# Feeling down with everything, hubby, ttc etc........



## QUEEN B (Leighsa) (Sep 12, 2008)

Sorry in advance but gonna have a little rant and clear my mind.....

Im tired of going through this very hard journey alone, all the emotions, the hurt and the pain of it all, whenever i feel depressed or down or whenever i cry my husband just thinks im being silly, little does he know i need a shulder to cry on, an arm around me & to be told its all gonna be alright.....

He just storms out and calls me childish and tells me if its gonna happen then it will... I mean c'mon whats with all tha....
I ask myself does he really want this child, but believe me he wants one just as much as i do. Im not sure if thats just his way of dealing with things, but it hurts me more than i already am......

And above all that, i know i have one tube left (right) which is blocked with a little cyst but im still keeping positive & thinking that maybe the sperm could swim past this to meet the egg......

WOULD YOU BELIEVE THAT WE ARE SUPPOSED TO BE TRYING BUT ONLY EVER HAVE SEX 3/4 TIMES A MONTH.... lol

i know ridiculous aint it, we are supposed to be trying to concieve. I dont just mean the odd month here and there but every single month.  When ever i spk to hubby and tell him that we need to be doing this everyday or at least every two days he goes nuts....

I am so desparate now for this a child im 29 almost and really want this, but how can i get pregnant without having sex, id have to be Mary.... lol... Joking aside i nreally believe that i may be able to concieve naturally if only we had sex... is it just me or is roughly 4 times a month no where near enough to catch....

Sorry to go on but i cant talk to hubby without a huge bust up so felt i needed to put all this down in text.....


----------



## QUEEN B (Leighsa) (Sep 12, 2008)

I have also given up doing my monthly ovulations tests too.... everytime its my week/day of ovulationg and i mention the importance of trying today... he is either tired, prefers to have a drink or we are arguing whivh obviously means no sex.....

Why do i bother......

I told him i were ovulating 2 days ago and asked him not too drink... guess what..... whe n i left to go back to work he went out and bought a drink..... So no sex again this month....

Arrrrrggggghhhhhh

Think ill be looking for a sperm donar


----------



## joeyrella (May 13, 2009)

hello, its really hard to know what to say    
have you considered seeing a counsellor?
maybe your husband is feeling the pressure that TTC inevitably brings and doesn't know how to express it any better than he is doing?

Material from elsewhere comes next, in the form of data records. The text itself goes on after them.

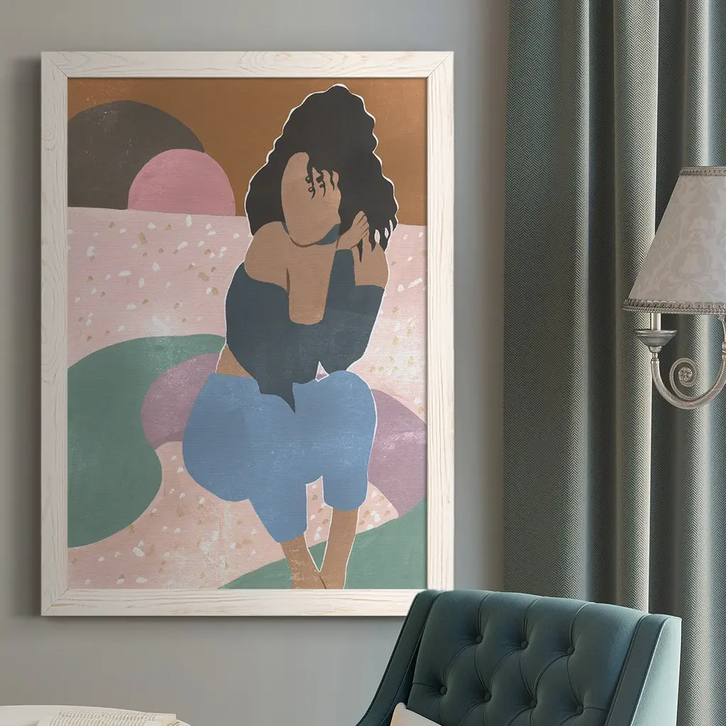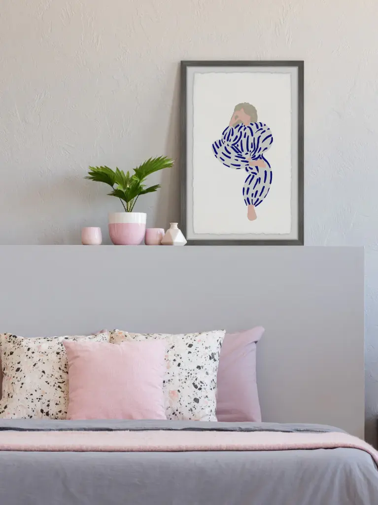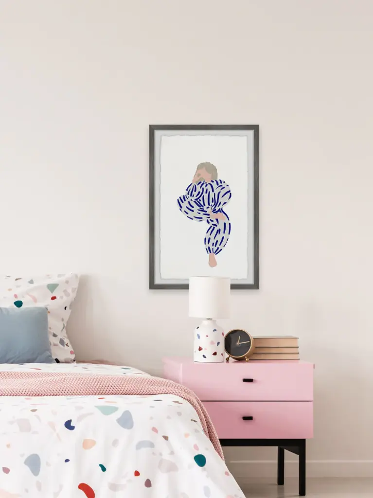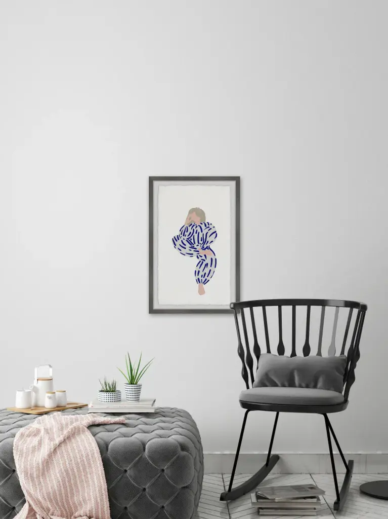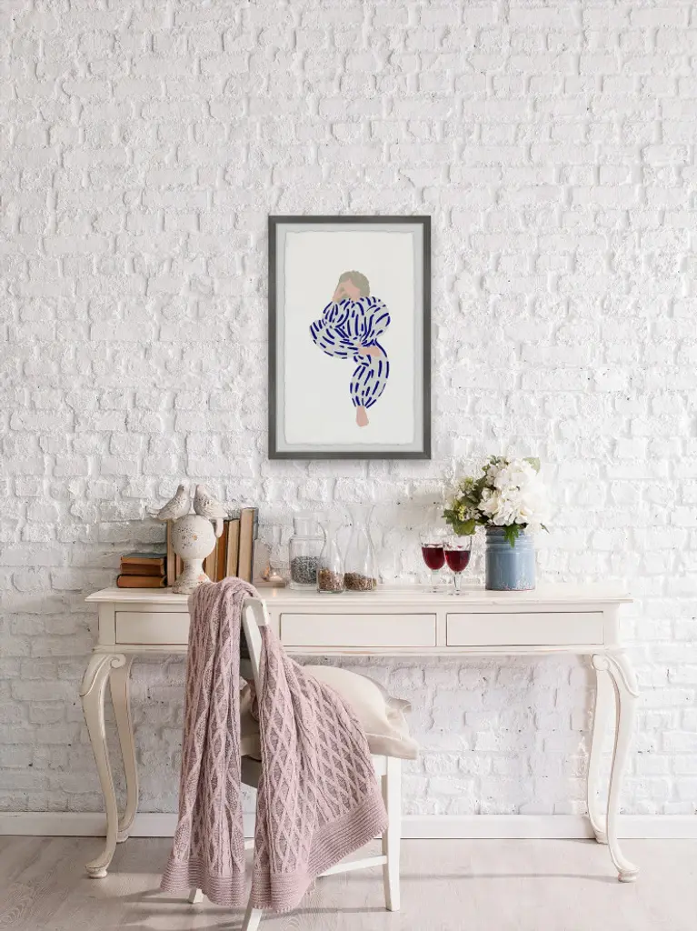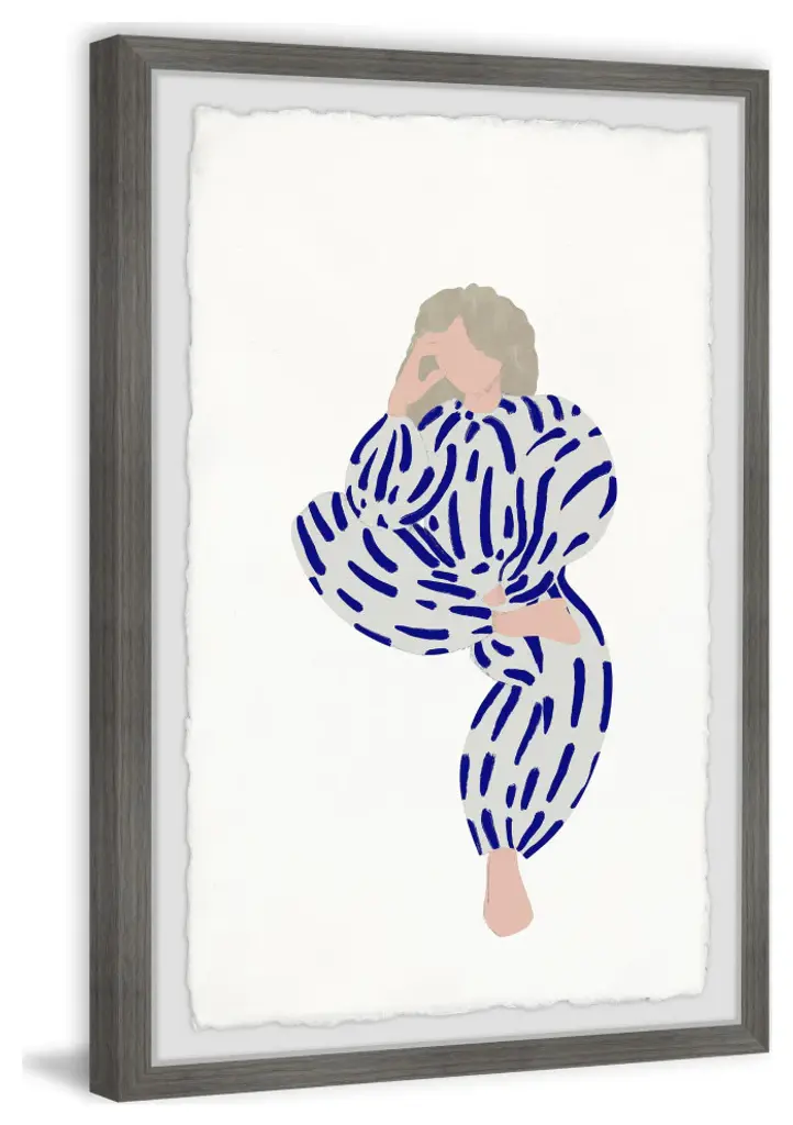 Make your space more eclectic with this drawing print that features a woman lounging in a patterned blue and grey outfit. Proudly printed in the USA, this piece is printed on high quality archive paper and professionally hand-framed. With wall-mounting hooks included, this artful accent is ready to hang up as soon as it reaches your front door.- Top quality Giclee print on high resolution Archive Paper- Hand cut deckled edges- High quality durable non-warping frame- Finished under shatter resistant plexiglass- Arrives ready to hang- Includes a certificate of authenticity- Printed in the USA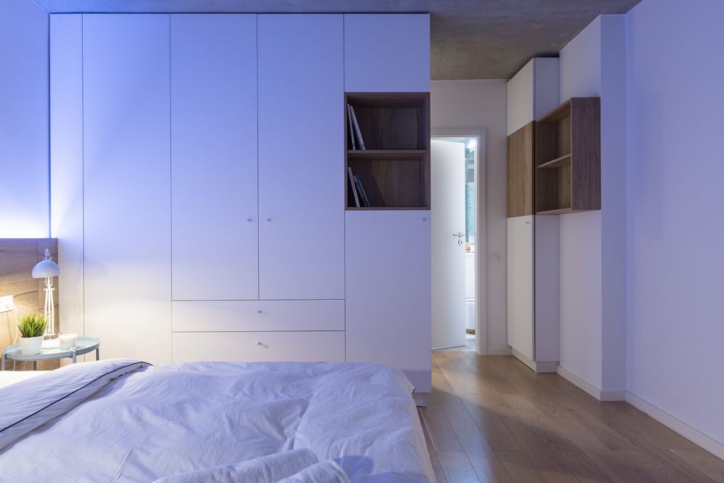 Peretele care separă zona de zi de zona de noapte, formată din două dormitoare şi o baie, nu a putut fi înlăturat, fiind din beton, ceea ce a dictat configuraţia atipică a camerelor, unde cele două dormitoare sunt separate doar de un dulap înalt până în tavan, de asemenea cu două feţe. Nota de industrial dată de cablurile trase aparent, prin ţevi negre, este, de asemenea, rezultatul necesităţii şi al „negocierii” cu pereţii de beton existenţi şi plafonul din acelaşi material, şi el lăsat aparent şi finisat cu tencuială gri.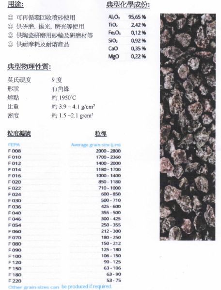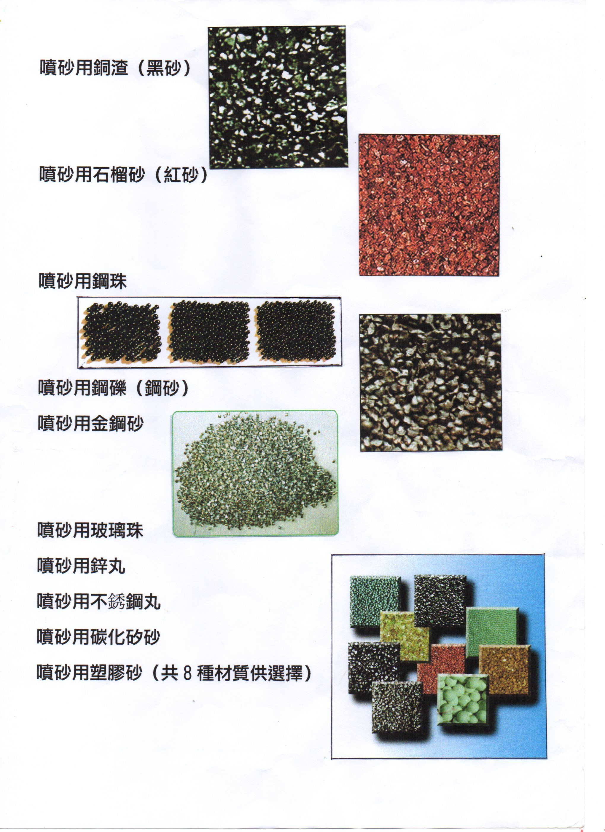 (5) 銅渣砂(黑砂)(6) 氧化鋁砂(7) 玻璃珠砂(8) 碳化矽砂(金剛砂)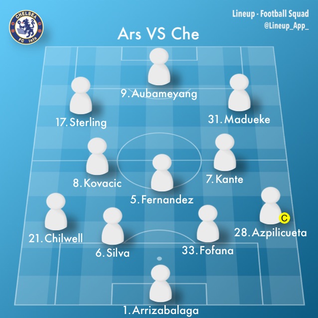 スターティングメンバーは、ケパ、フォファナ、シウバ、アスピリクエタ、チルウェル、フェルナンデス、カンテ、コバチッチ、マドゥエケ、スターリング、オーバメヤンでフォーメーションは、4-3-3。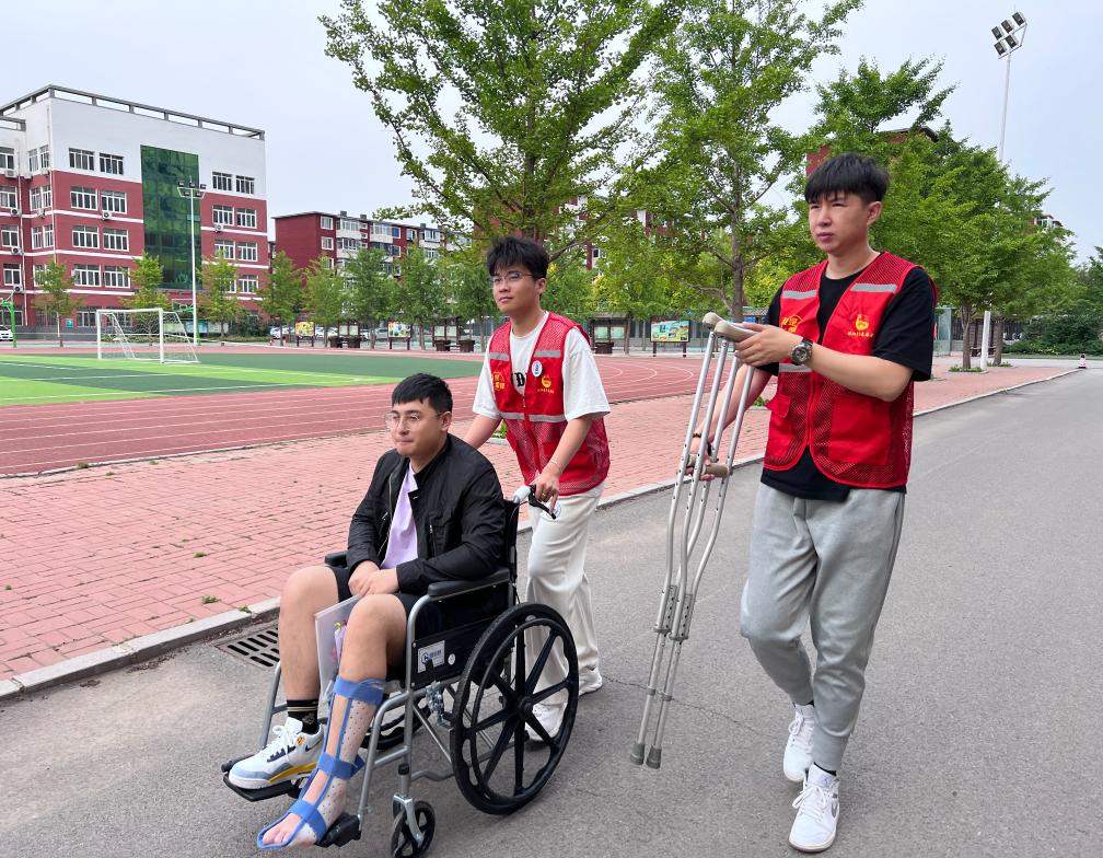 “我腳受傷了,行走不方便,你們能推我進(jìn)考場嗎?”“沒問題!我們會全程陪你進(jìn)出考場?!鄙蜿柺械谖迨袑W(xué)考點門口,當(dāng)看到一位考生坐著輪椅行動不便時,志愿者們迅速承擔(dān)起了接送任務(wù)。

as for the crying and feeling depressed, well i'm sure all of us have days and weeks when that it all we can do.  my husband is like yours and gets quite angry with me when i just want to lie in bed crying for a few hours, but its not that he isn't feeling the same pain, he just can't stand to see me hurting when there is nothing he can do to ease it.


----------



## QUEEN B (Leighsa) (Sep 12, 2008)

Thats what i thought. that maybe he dont like to see me upset.... but to tell me im being childish or silly tells me he couldnt care less...

I werent expecting any replies, lol.... i just had to get it all out ya know.. i know there are so many of us out there who are feeling the same pain and emotions just wish my hubby could get more involved and understand a bit more.....

Im sure ill feel fine tomorrow, guess im just having another on of those down moments and the only way i can feel better is by letting it all out.... Sorry to have to post such a horrid and depressing post.

xxxx


----------



## kara76 (Dec 14, 2004)

sounds very familiar, i think most people who have experience infertility have or are going though what you have described.

very often are yearning for a child can put ALOT of pressure on our other halfs and lets me honest, sex on demand is pretty bland and its no wonder men tend to back off (normal!!) maybe next time your ovulatiing dont tell him just try and make the right moves

men deal with all the emotions of ttc very different, i know mine does and very often i would do my crying alone.

if you can find a time and have a chat to him casually, it might take the pressure off a little.

if your IVF is coming up as i think it might be, have you thought about stopping TTC and enjoying things a little before the rollercoaster of treatment as you wana go into it postive and happy


----------



## PixTrix (Aug 20, 2008)

Hi Leigsha,
sorry you are having such a crap time at the moment. Believe me you may feel as so alone at the moment but much of what you explain has probably been experienced by most of us on here at some point. TTC and all that comes with it as the years pass has got to be one of the hardest things that anyone can go through in their lives. Because of DP's medical problems, I could probably count on one hand the number of times we have done the deed this year lol so believe me I know how difficult it is.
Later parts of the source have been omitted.